I would like the lines below, from the one with "9ct Three Colour" through the one with "2月2日、ヤクルトキッズスクール保育園で節分行事の豆まきをしました。", copied exactly and without any pictures.

[Dataset entries]

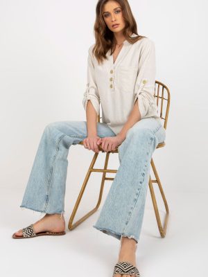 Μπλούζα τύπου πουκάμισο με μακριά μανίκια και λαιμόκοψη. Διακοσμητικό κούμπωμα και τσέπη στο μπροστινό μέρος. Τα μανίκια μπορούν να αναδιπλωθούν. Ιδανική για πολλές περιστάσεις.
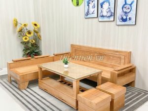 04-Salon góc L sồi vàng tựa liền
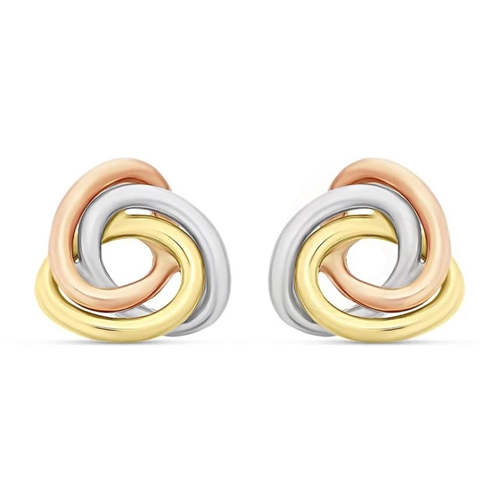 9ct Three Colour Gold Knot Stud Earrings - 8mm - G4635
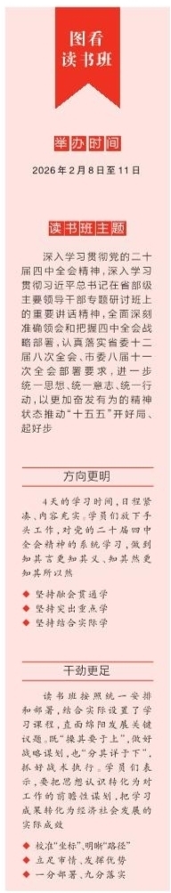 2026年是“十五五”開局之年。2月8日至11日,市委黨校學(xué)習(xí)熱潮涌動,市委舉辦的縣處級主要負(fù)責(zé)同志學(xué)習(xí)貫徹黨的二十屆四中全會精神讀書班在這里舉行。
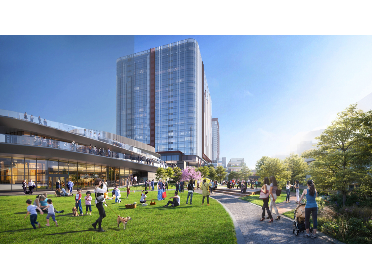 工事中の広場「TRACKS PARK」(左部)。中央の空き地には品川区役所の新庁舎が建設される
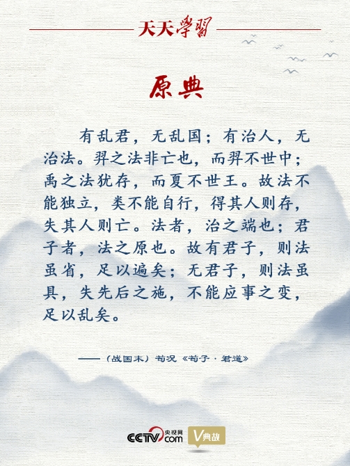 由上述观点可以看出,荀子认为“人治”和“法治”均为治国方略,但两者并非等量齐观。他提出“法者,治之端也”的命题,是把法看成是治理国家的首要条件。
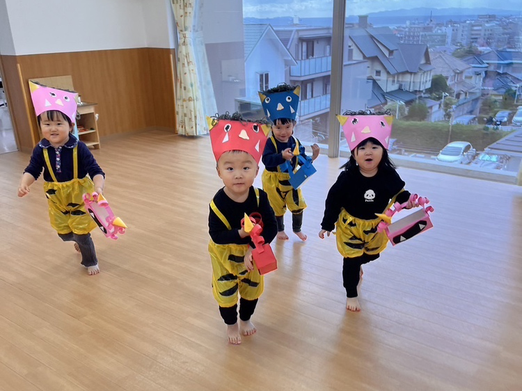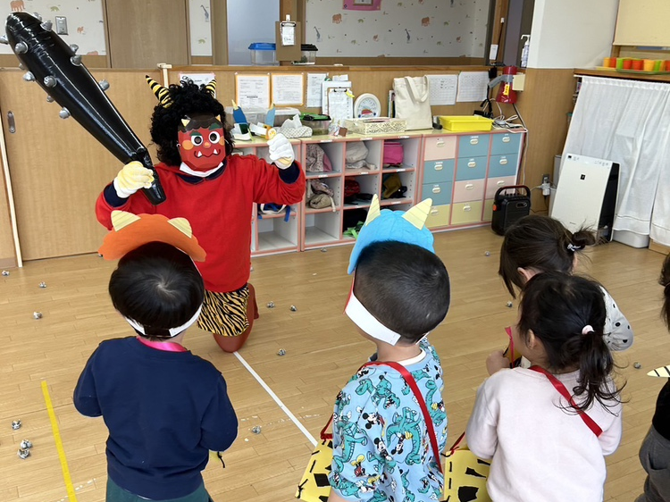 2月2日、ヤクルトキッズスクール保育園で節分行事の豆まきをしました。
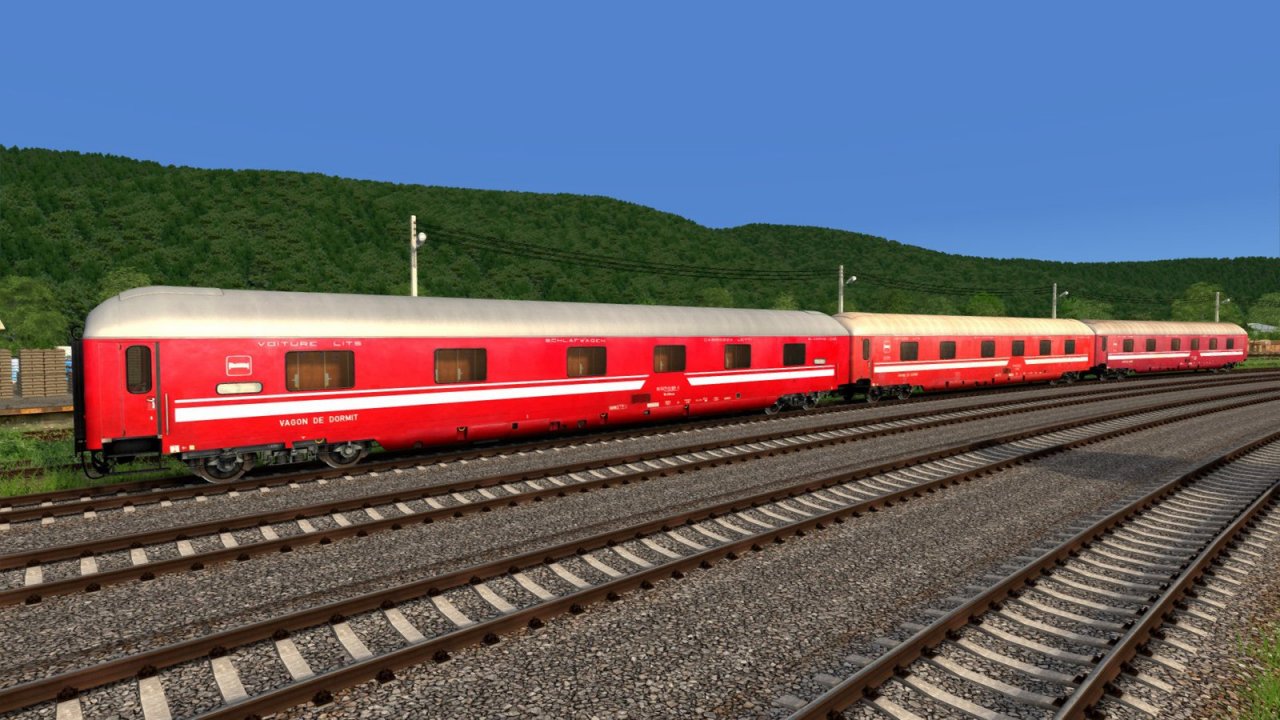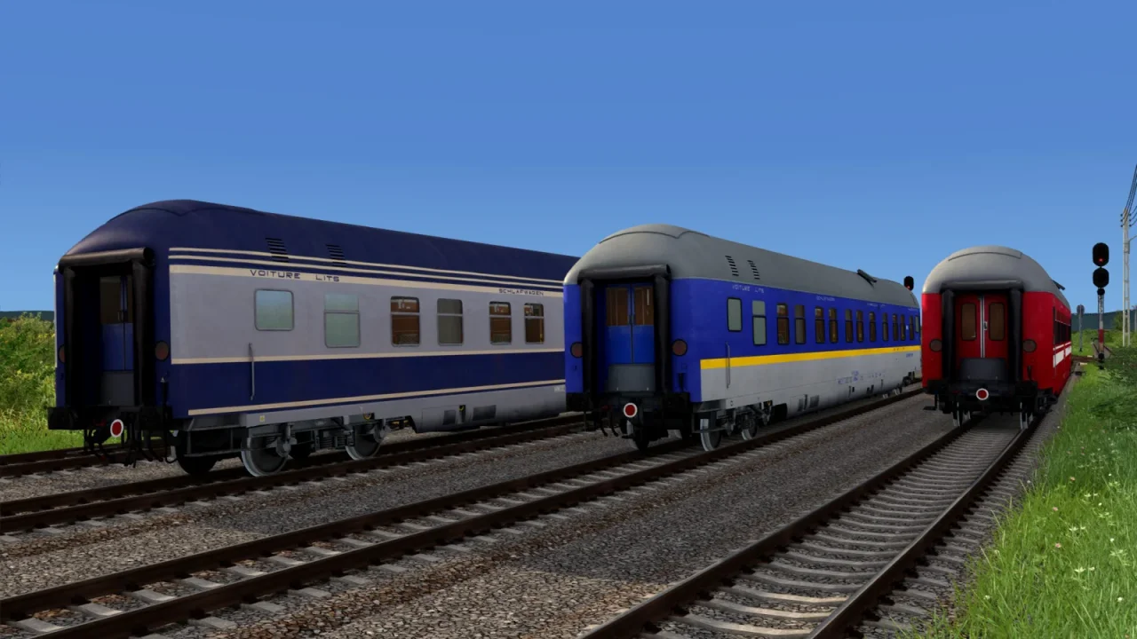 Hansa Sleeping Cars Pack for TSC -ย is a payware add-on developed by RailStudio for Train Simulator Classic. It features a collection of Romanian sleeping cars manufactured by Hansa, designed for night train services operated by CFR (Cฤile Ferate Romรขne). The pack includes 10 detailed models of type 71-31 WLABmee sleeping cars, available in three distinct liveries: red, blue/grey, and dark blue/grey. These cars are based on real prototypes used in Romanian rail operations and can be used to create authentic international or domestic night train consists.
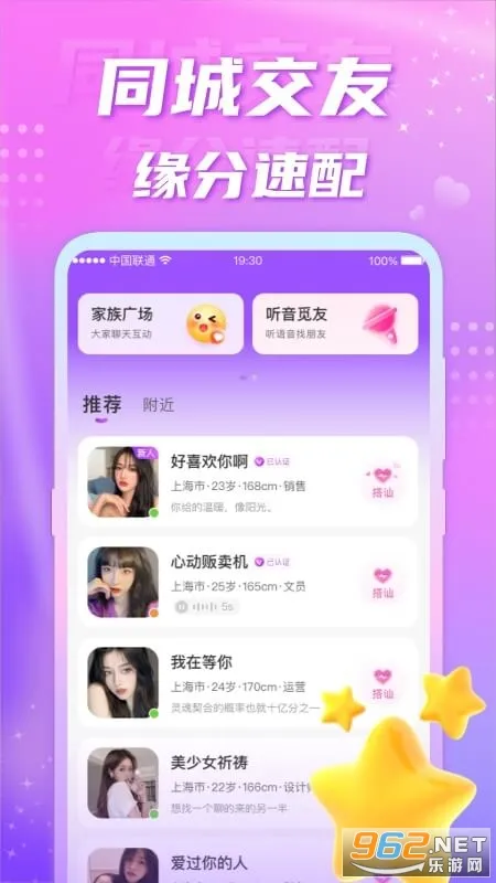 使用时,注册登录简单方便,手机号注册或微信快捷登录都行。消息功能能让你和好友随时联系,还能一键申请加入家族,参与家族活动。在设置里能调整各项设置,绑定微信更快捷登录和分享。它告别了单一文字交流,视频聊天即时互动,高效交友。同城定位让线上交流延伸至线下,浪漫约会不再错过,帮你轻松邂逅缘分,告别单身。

[/Dataset entries]

§ **Reply to the task**
 9ct Three Colour Gold Knot Stud Earrings - 8mm - G4635
 2026年是“十五五”開局之年。2月8日至11日,市委黨校學(xué)習(xí)熱潮涌動,市委舉辦的縣處級主要負(fù)責(zé)同志學(xué)習(xí)貫徹黨的二十屆四中全會精神讀書班在這里舉行。
 工事中の広場「TRACKS PARK」(左部)。中央の空き地には品川区役所の新庁舎が建設される
 由上述观点可以看出,荀子认为“人治”和“法治”均为治国方略,但两者并非等量齐观。他提出“法者,治之端也”的命题,是把法看成是治理国家的首要条件。
 2月2日、ヤクルトキッズスクール保育園で節分行事の豆まきをしました。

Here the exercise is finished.